Overly Restrictive Regular Expression

This weakness occurs when a regular expression is written so strictly that it rejects legitimate input that should be accepted. While the intent is often to…

01Summary

This weakness occurs when a regular expression is written so strictly that it rejects legitimate input that should be accepted. While the intent is often to improve security by filtering dangerous patterns, an overly restrictive regex can break legitimate functionality, frustrate users, and pressure developers or users to bypass the validation entirely—often in unsafe ways.

02How It Happens

Regular expressions are commonly used to validate user input: email addresses, usernames, phone numbers, URLs, and file names. When a developer writes a regex that is too narrow—perhaps based on incomplete understanding of valid formats, or an attempt to be "extra safe"—it blocks valid data. Users then either cannot complete their tasks, or they find workarounds (like entering data in a different format, or disabling validation) that may introduce actual security gaps. The weakness is not that the regex itself is exploitable, but that its overly strict behavior creates a denial-of-service condition or incentivizes insecure alternatives.

03Real-World Impact

The practical consequences range from user frustration to security degradation. A site that rejects valid email addresses or international characters may lock out legitimate users. Developers who encounter such restrictions may disable validation altogether, remove the regex check, or implement a less secure alternative. In some cases, users may be forced to enter data in non-standard formats that are harder to process correctly downstream, increasing the risk of injection or parsing errors.

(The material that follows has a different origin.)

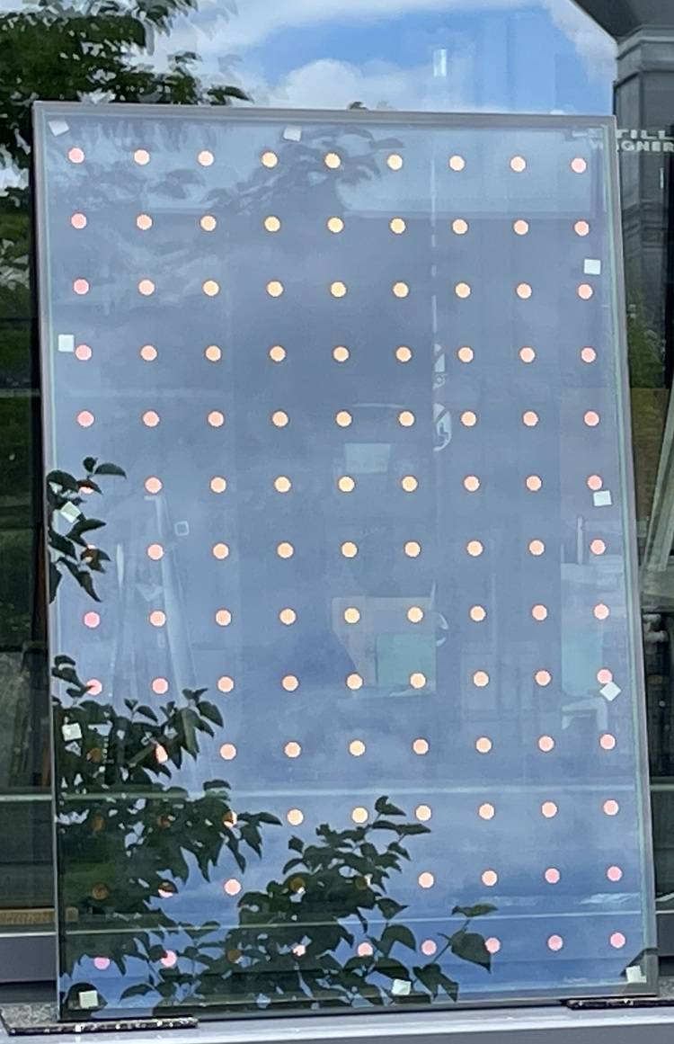 Mit einem Punktraster arbeiten auch die Forschenden des Fraunhofer Instituts für Solare Energiesysteme (ISE). Diese haben Vogelschutzglas entwickelt, das im Flugtunneltest nur vier Prozent der Vögel anflogen.

04Vulnerable & Fixed Patterns

Vulnerable pattern
import re

def validate_username(username):
    # Regex is too restrictive: only allows 5-8 lowercase letters
    pattern = r'^[a-z]{5,8}$'
    if re.match(pattern, username):
        return True
    return False

# Rejects valid usernames like "alice_2024", "Bob", or "user-name"

Why it's vulnerable:
The regex rejects legitimate usernames that contain numbers, underscores, hyphens, or uppercase letters. Users may then bypass the validation or use insecure workarounds.

Fixed pattern
import re

def validate_username(username):
    # Allows alphanumeric, underscore, hyphen; 3-32 characters
    # Based on common username standards
    pattern = r'^[a-zA-Z0-9_-]{3,32}$'
    if re.match(pattern, username):
        return True
    return False

# Accepts "alice_2024", "Bob", "user-name", etc.
Vulnerable pattern
<?php
function validate_email($email) {
    // Overly restrictive: rejects many valid email formats
    $pattern = '/^[a-z]+@[a-z]+\.[a-z]{2,3}$/';
    if (preg_match($pattern, $email)) {
        return true;
    }
    return false;
}

// Rejects "user+tag@example.co.uk", "User@Example.COM", etc.
?>

Why it's vulnerable:
The regex rejects valid emails with uppercase letters, plus signs, multiple domain levels, or numeric characters. Users with such addresses cannot register or log in.

Fixed pattern
<?php
function validate_email($email) {
    // Use PHP's built-in filter, which handles RFC 5322 correctly
    if (filter_var($email, FILTER_VALIDATE_EMAIL)) {
        return true;
    }
    return false;
}

// Accepts standard email formats per RFC 5322
?>

05Prevention Checklist

Test your regex against real-world valid input
before deployment. Include international characters, numbers, special characters, and edge cases (e.g., emails with plus signs, usernames with underscores).
Use built-in validation functions
where available (e.g., filter_var() in PHP, email-validator libraries in Python) rather than writing custom regexes for common formats.
Document the regex intent and constraints
in code comments, and review it with a colleague to catch overly narrow patterns.
Provide clear error messages
that explain what format is accepted, so users understand why their input was rejected and can adjust accordingly.
Prefer allowlisting over denylisting
, but ensure your allowlist is based on actual standards (RFC 5322 for email, etc.), not assumptions.
Monitor user feedback and failed validation logs
for patterns of legitimate rejections, and adjust the regex if needed.

06Signs You May Already Be Affected

Check your application logs for repeated validation failures on input that appears legitimate (e.g., many failed login attempts with valid-looking email addresses, or support tickets from users unable to enter their name or address). If users report that they cannot complete forms despite entering data in standard formats, or if you see evidence of workarounds (e.g., users entering "john.doe" instead of "john_doe"), your regex may be too restrictive.